Task description
Copy the data below exactly, omitting any picture it contains.

==== Supplied entries

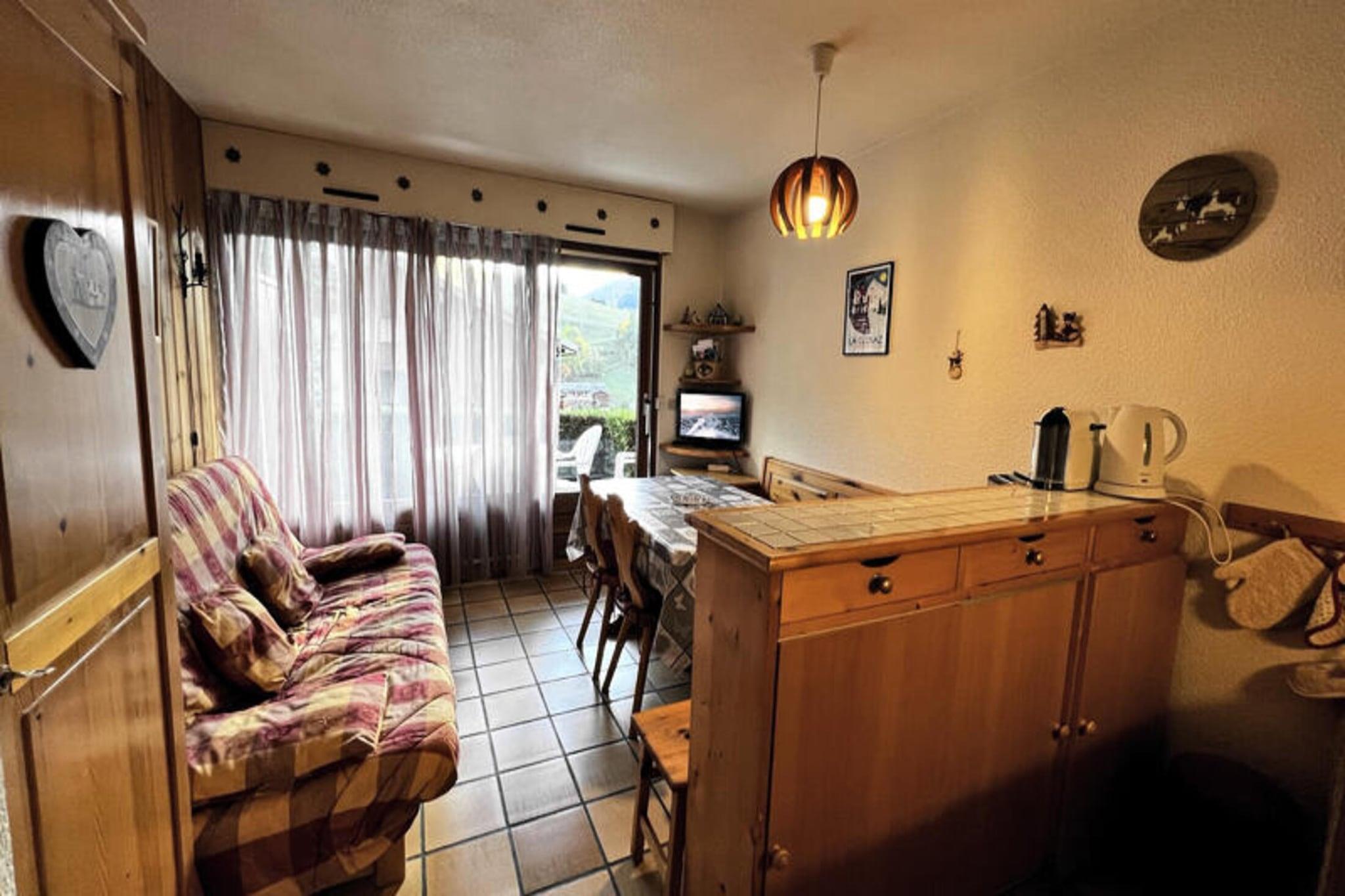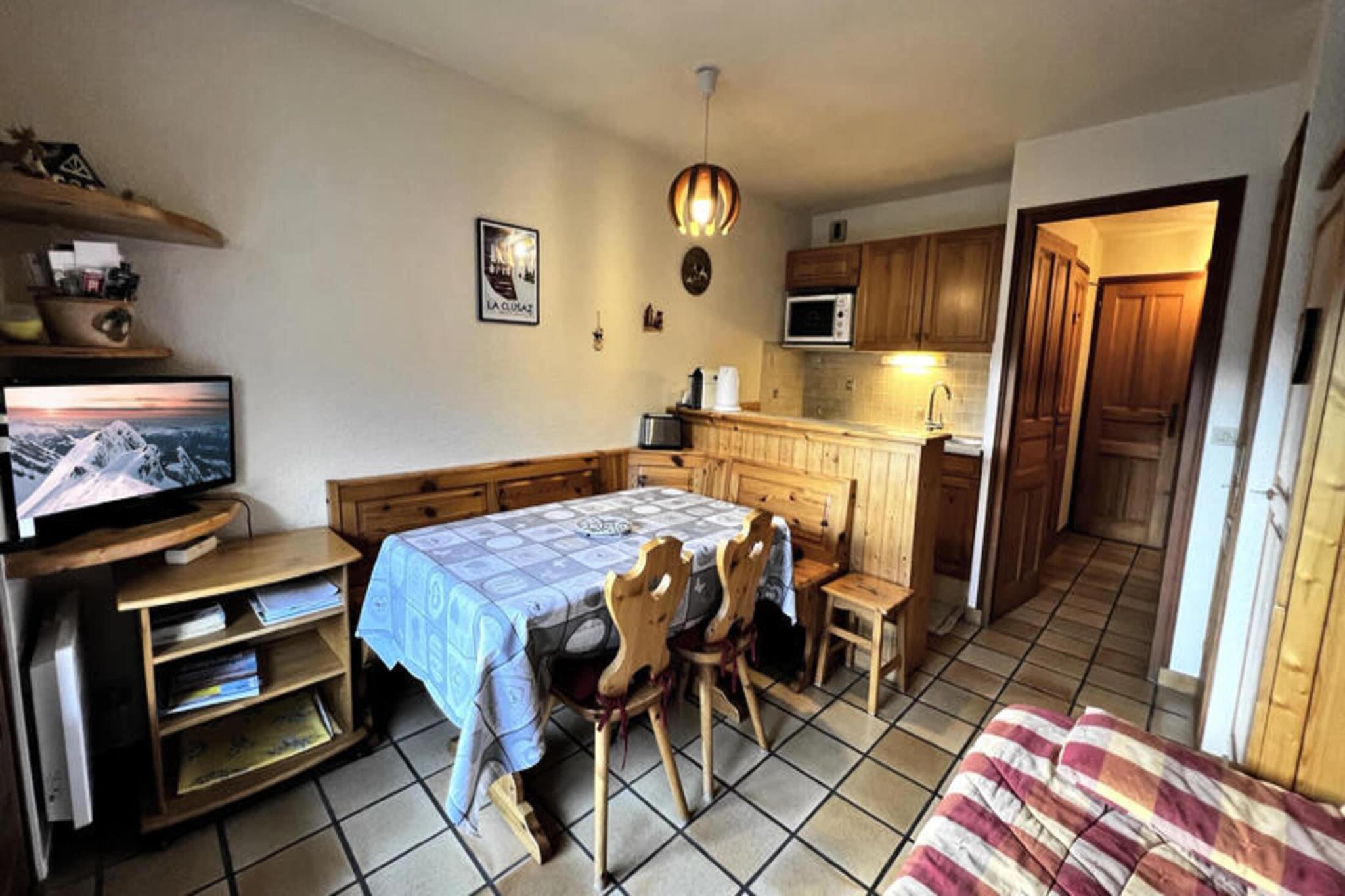 Denne charmerende lejlighed kan rumme op til 4 personer og er beliggende på haveniveauet i en ny bolig med 15 lejligheder. Det har et soveværelse med dobbeltseng, en køjeseng i natområdet og en hyggelig stue med fladskærms-tv og sofa. Lejligheden har en sydvendt terrasse med havemøbler, der tilbyder uhindret udsigt over pisterne og Aravis-bjergkæden. Selvom kæledyr ikke er tilladt, er valgfrie tjenester såsom en mini Wi-Fi-boks, leje af sengetøj og babyudstyr tilgængelige mod et gebyr. En privat garage og skiskab er også inkluderet for ekstra bekvemmelighed. Ejendommen er beliggende på toppen af ??landsbyen La Clusaz i det fredelige Les Granges-område, kun 300 meter fra Bossonnet-skiløjperne og ESF-mødestedet, hvilket gør det ideelt for vintersportsentusiaster. Butikker er kun 100 meter væk, hvilket giver nem adgang til lokale faciliteter. Boligen byder på et roligt miljø med en fantastisk udsigt over de omkringliggende bjerge, men alligevel i gåafstand fra landsbyens centrum og dens attraktioner. Lejligheden har et fuldt udstyret køkkenhjørne med elektriske kogeplader, et grillspyd, et køleskab, fryser, en opvaskemaskine og både kapsel- og filterkaffemaskiner. Et badeværelse med bruser, håndvask og separat toilet fuldender boligen. Elektrisk opvarmning sikrer komfort hele året rundt, mens et gratis velkomstsæt, inklusive essentielle ting som toiletpapir og opvasketabletter, bidrager til komforten for dit ophold.
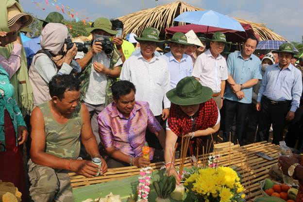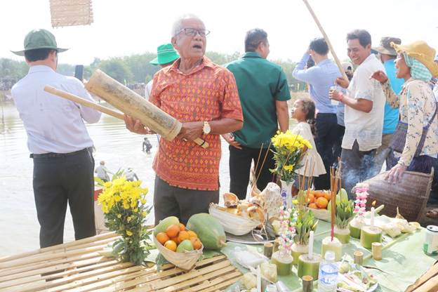 Trước khi bước vào phần hội náo nhiệt, phần quan trọng và thiêng liêng nhất chính là nghi lễ cúng thần Bàu. Già làng – chủ lễ cùng các bậc cao niên trong ấp Kliêu đã tiến hành thực hiện các nghi thức cúng tế truyền thống. Trong làn hương trầm thành kính, Già làng dâng lễ vật và đọc lời khấn nguyện, cầu mong các vị thần linh phù hộ cho mưa thuận gió hòa, mùa màng bội thu, nguồn nước dồi dào và tôm cá đầy bàu để bà con có một mùa đánh bắt may mắn. Nghi thức này thể hiện sâu sắc đạo lý "uống nước nhớ nguồn" và sự tôn trọng của con người đối với thiên nhiên - một nét đẹp nhân văn được lưu truyền qua nhiều thế hệ.
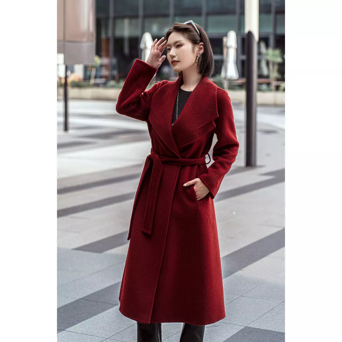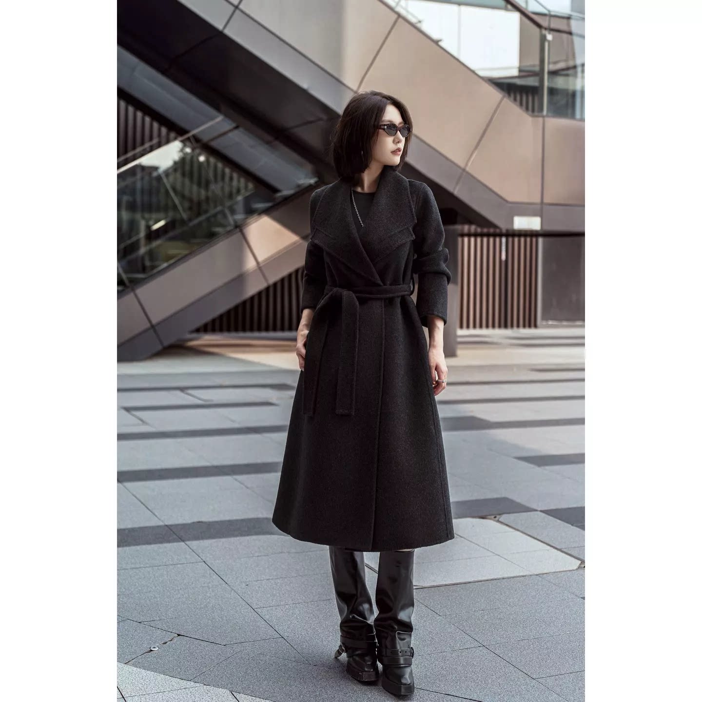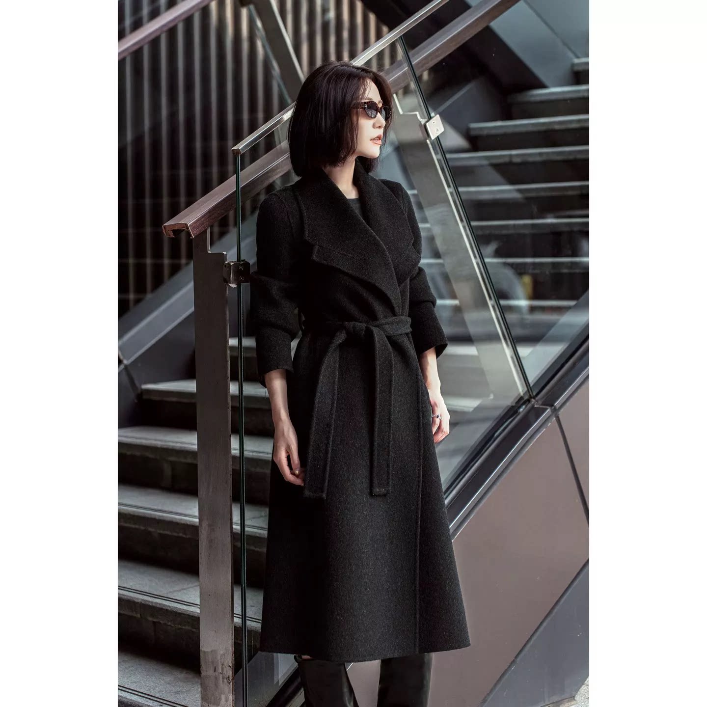 25年韩版赫本风【软黄金&山羊绒】高级感双面羊毛呢大衣女长款系
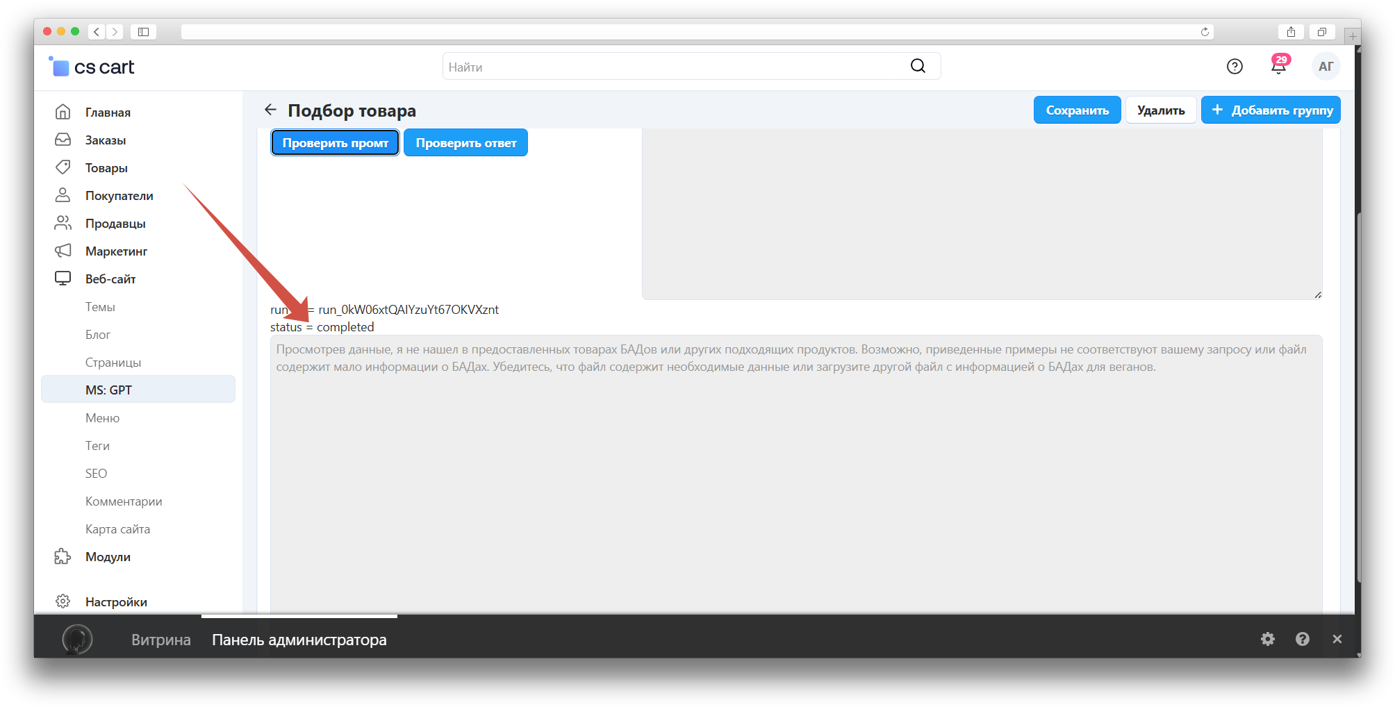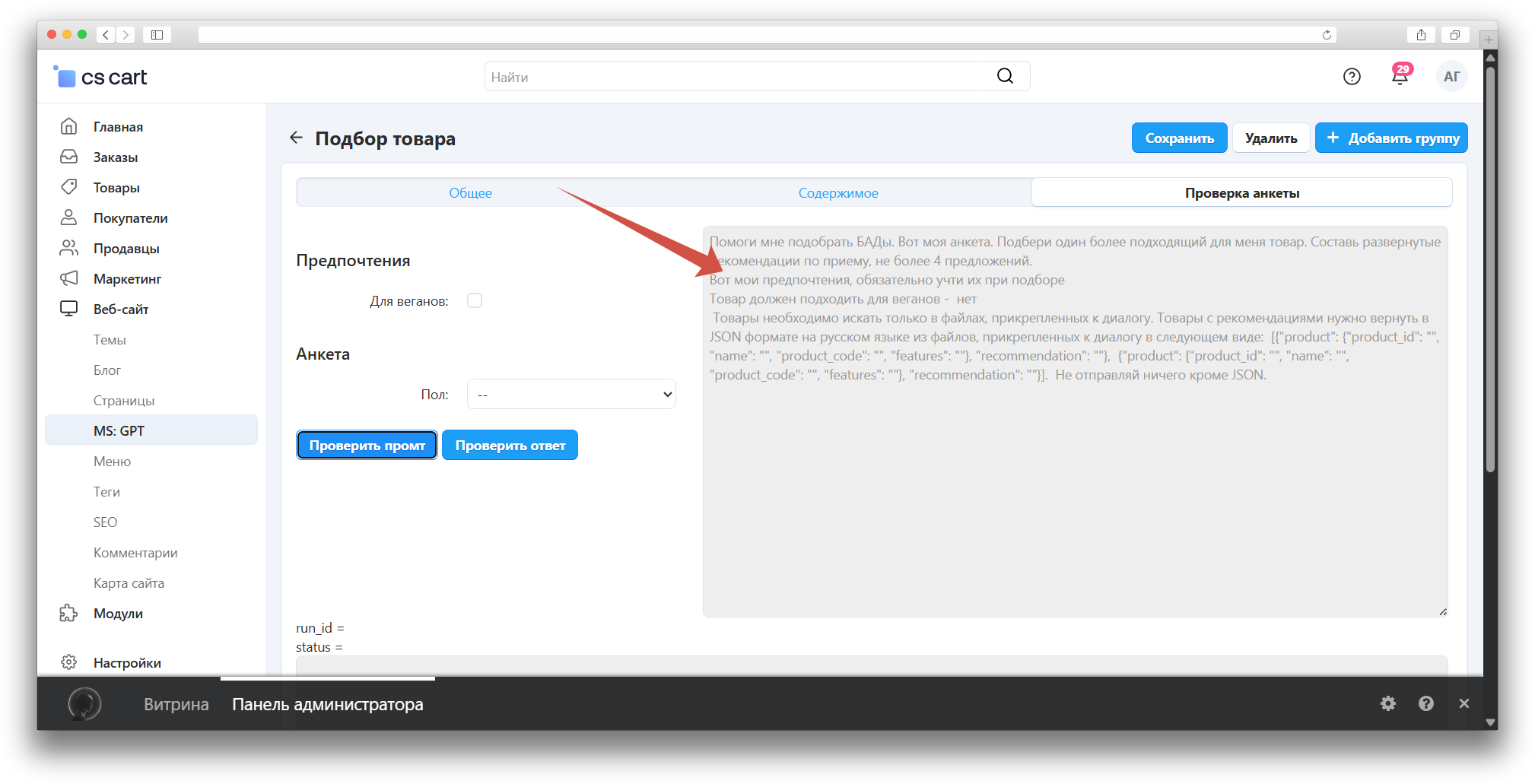 Тут можно посмотреть какой промпт в итоге отправляется в GPT, а также посмотреть какой формируется ответ.
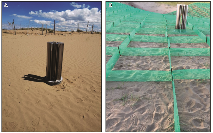 Photos of sand collectors with eight directions installed on the shifting sand dune (A) and inside the sand-protecting barriers (B)

========

Exercise result
 Denne charmerende lejlighed kan rumme op til 4 personer og er beliggende på haveniveauet i en ny bolig med 15 lejligheder. Det har et soveværelse med dobbeltseng, en køjeseng i natområdet og en hyggelig stue med fladskærms-tv og sofa. Lejligheden har en sydvendt terrasse med havemøbler, der tilbyder uhindret udsigt over pisterne og Aravis-bjergkæden. Selvom kæledyr ikke er tilladt, er valgfrie tjenester såsom en mini Wi-Fi-boks, leje af sengetøj og babyudstyr tilgængelige mod et gebyr. En privat garage og skiskab er også inkluderet for ekstra bekvemmelighed. Ejendommen er beliggende på toppen af ??landsbyen La Clusaz i det fredelige Les Granges-område, kun 300 meter fra Bossonnet-skiløjperne og ESF-mødestedet, hvilket gør det ideelt for vintersportsentusiaster. Butikker er kun 100 meter væk, hvilket giver nem adgang til lokale faciliteter. Boligen byder på et roligt miljø med en fantastisk udsigt over de omkringliggende bjerge, men alligevel i gåafstand fra landsbyens centrum og dens attraktioner. Lejligheden har et fuldt udstyret køkkenhjørne med elektriske kogeplader, et grillspyd, et køleskab, fryser, en opvaskemaskine og både kapsel- og filterkaffemaskiner. Et badeværelse med bruser, håndvask og separat toilet fuldender boligen. Elektrisk opvarmning sikrer komfort hele året rundt, mens et gratis velkomstsæt, inklusive essentielle ting som toiletpapir og opvasketabletter, bidrager til komforten for dit ophold.
 Trước khi bước vào phần hội náo nhiệt, phần quan trọng và thiêng liêng nhất chính là nghi lễ cúng thần Bàu. Già làng – chủ lễ cùng các bậc cao niên trong ấp Kliêu đã tiến hành thực hiện các nghi thức cúng tế truyền thống. Trong làn hương trầm thành kính, Già làng dâng lễ vật và đọc lời khấn nguyện, cầu mong các vị thần linh phù hộ cho mưa thuận gió hòa, mùa màng bội thu, nguồn nước dồi dào và tôm cá đầy bàu để bà con có một mùa đánh bắt may mắn. Nghi thức này thể hiện sâu sắc đạo lý "uống nước nhớ nguồn" và sự tôn trọng của con người đối với thiên nhiên - một nét đẹp nhân văn được lưu truyền qua nhiều thế hệ.
 25年韩版赫本风【软黄金&山羊绒】高级感双面羊毛呢大衣女长款系
 Тут можно посмотреть какой промпт в итоге отправляется в GPT, а также посмотреть какой формируется ответ.
 Photos of sand collectors with eight directions installed on the shifting sand dune (A) and inside the sand-protecting barriers (B)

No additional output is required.